Rohde Luis E, Goldraich Lívia, Polanczyk Carisi A, Borges Aníbal Pires, Biolo Andréia, Rabelo Eneida, Beck-Da-Silva Luis, Clausell Nadine
Heart Failure and Cardiac Transplantation Unit, Cardiology Division at Hospital de Clínicas de Porto Alegre, Federal University of Rio Grande do Sul Medical School, Porto Alegre, Brazil.
J Card Fail. 2006 Oct;12(8):587-93. doi: 10.1016/j.cardfail.2006.06.475.
Scarce data are available to predict in-hospital mortality for decompensated heart failure (HF) in South American populations.
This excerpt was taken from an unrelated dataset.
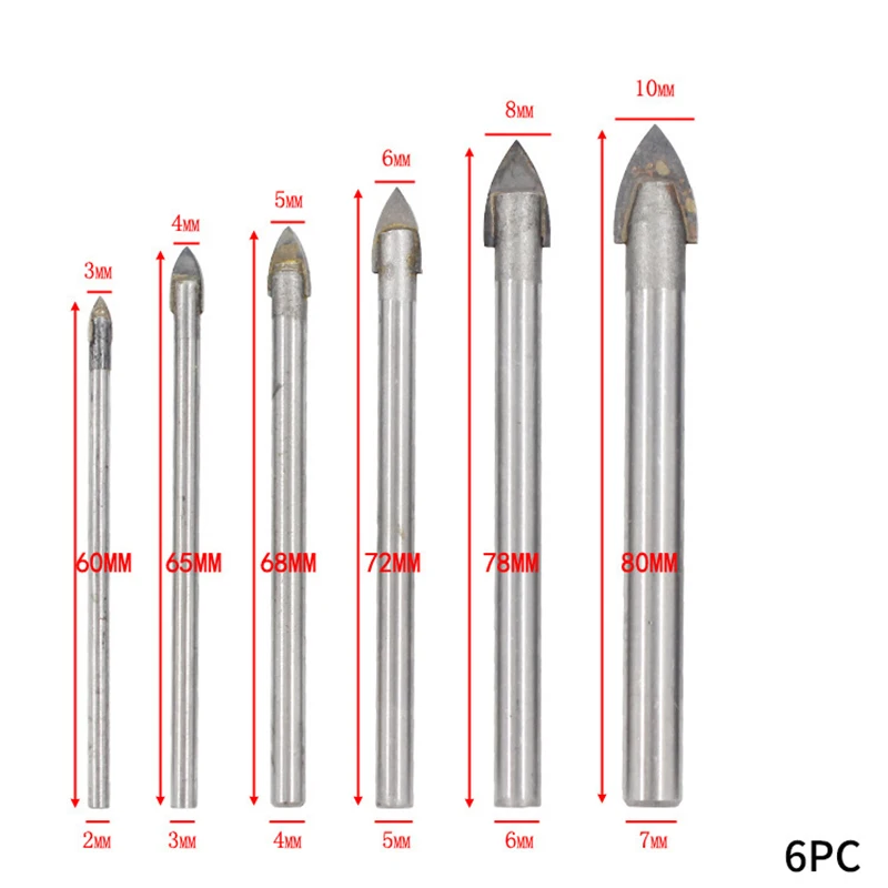 * 6 шт. 3-10 мм треугольное сверло Набор бит для сверления стекла керамический пластиковый фарфор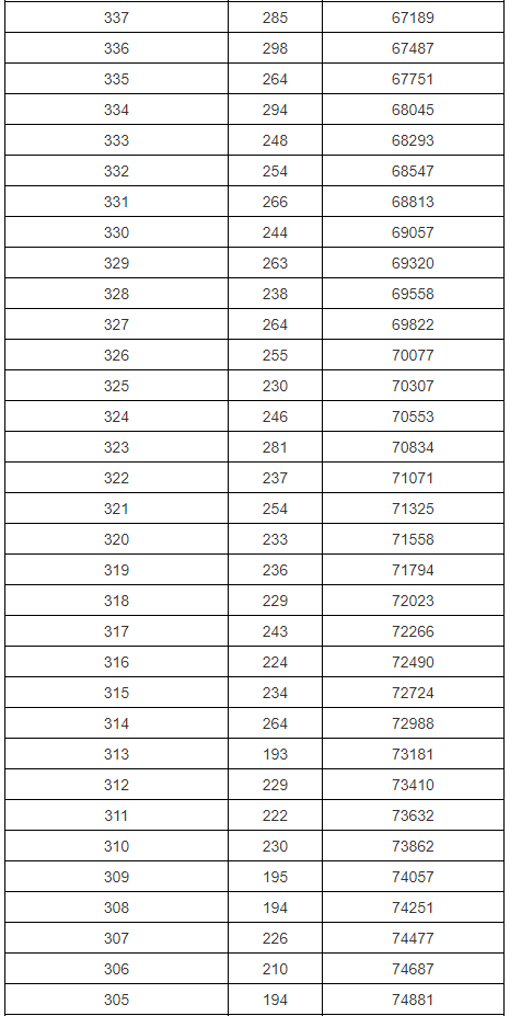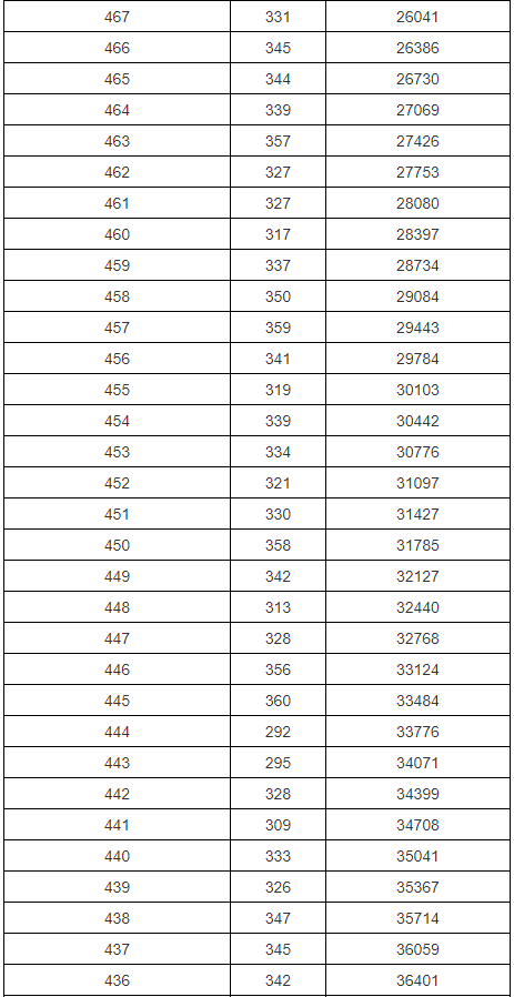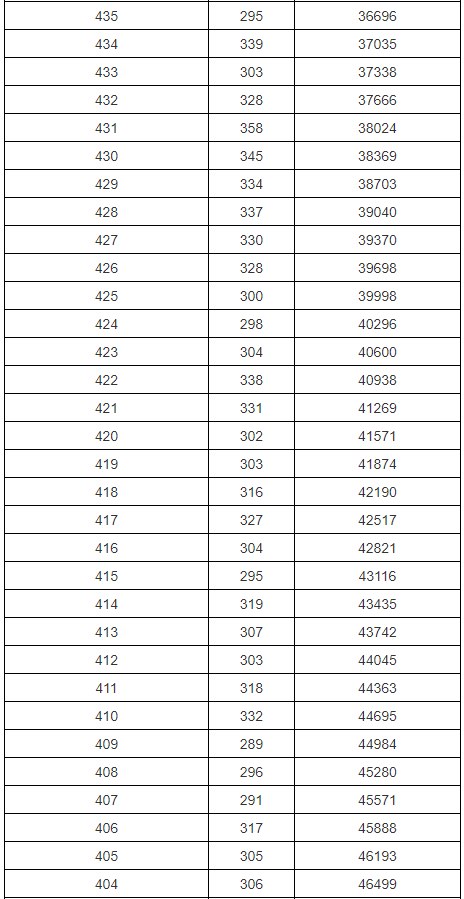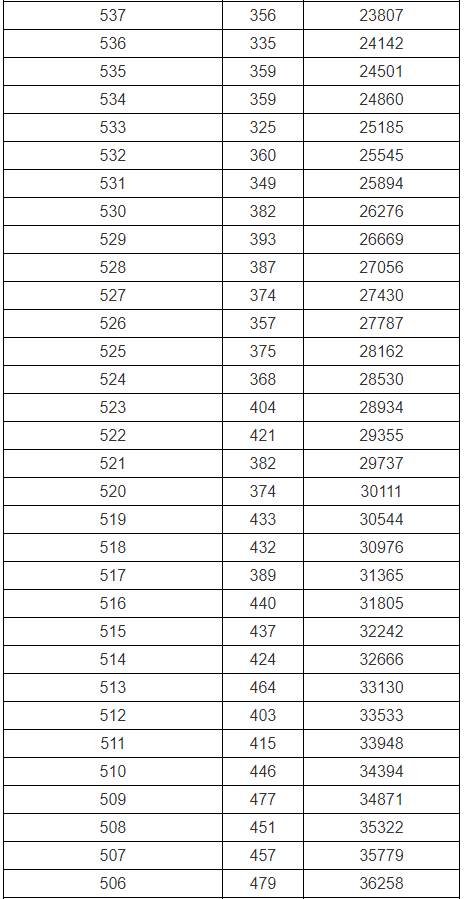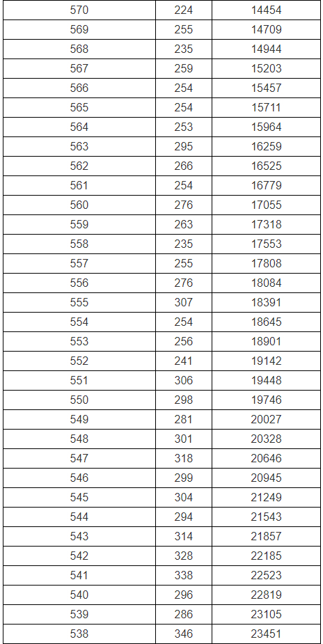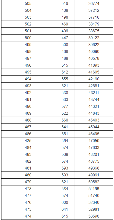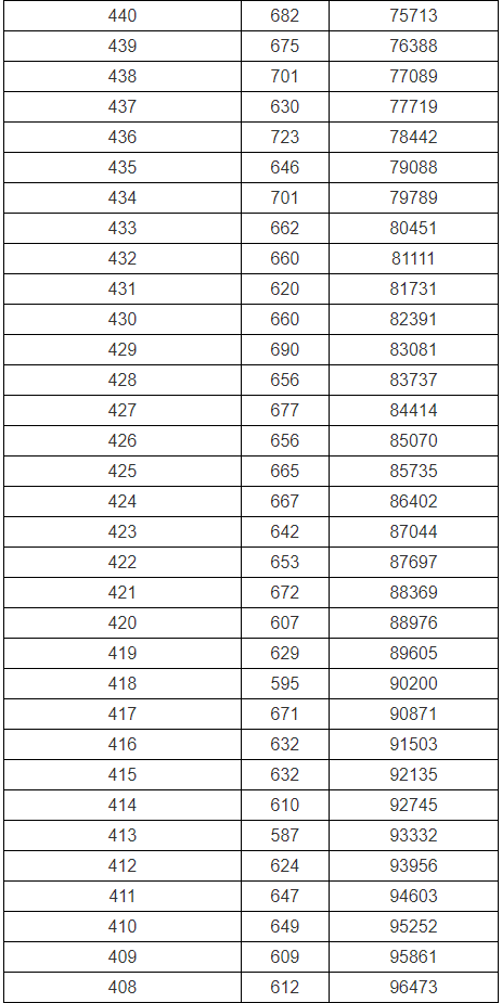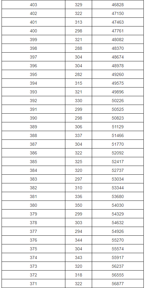 2018年陜西高考考生成績統(tǒng)計表(文史、藝文)

We evaluated 779 consecutive HF admissions defined by the Boston criteria in a tertiary care hospital. Stepwise logistic regression was used to determine independent correlates of in-hospital mortality, derived from 83 potential predictors collected on hospital admission. A clinical score rule (HF Revised Score) was created using the regression coefficient estimates derived from multivariate modeling. During hospital stay, 77 (10%) deaths occurred and 6 clinical characteristics were independently associated with in-hospital mortality: presence of cancer (P < .001), systolic blood pressure < or =124 mm Hg (P < .001), serum creatinine >1.4 mg/dL (P = .02), blood urea nitrogen >37 mg/dL (P = .03), serum sodium <136 mEq/L (P = .03), and age >70 years old (P = .03). Both the Acute Decompensated Heart Failure National Registry stratification algorithm and the proposed HF Revised Score performed adequately to predict in-hospital mortality ("c" statistics = 0.71 and 0.76, respectively). The newly proposed score, however, discriminated a very low-risk group (101 [13%]) in whom all patients were discharged home, representing patients admitted with none of the 6 predictors of risk.
HF risk stratification can be accurately accomplished during the first day of admission with simple and easily obtained clinical variables.
在南美人群中,用于预测失代偿性心力衰竭(HF)患者院内死亡率的数据稀缺。
我们在一家三级护理医院评估了779例符合波士顿标准的连续性HF住院患者。采用逐步逻辑回归来确定院内死亡率的独立相关因素,这些因素来自入院时收集的83个潜在预测指标。利用多变量建模得出的回归系数估计值创建了一个临床评分规则(HF修订评分)。住院期间,77例(10%)患者死亡,6项临床特征与院内死亡率独立相关:癌症(P <.001)、收缩压≤124 mmHg(P <.001)、血清肌酐>1.4 mg/dL(P =.02)、血尿素氮>37 mg/dL(P =.03)、血清钠<136 mEq/L(P =.03)以及年龄>70岁(P =.03)。急性失代偿性心力衰竭国家注册分层算法和提议的HF修订评分在预测院内死亡率方面均表现良好(“c”统计量分别为0.71和0.76)。然而,新提议的评分鉴别出了一个极低风险组(101例[13%]),该组所有患者均出院回家,这些患者入院时均无6项风险预测指标中的任何一项。
入院第一天即可通过简单且易于获取的临床变量准确完成HF风险分层。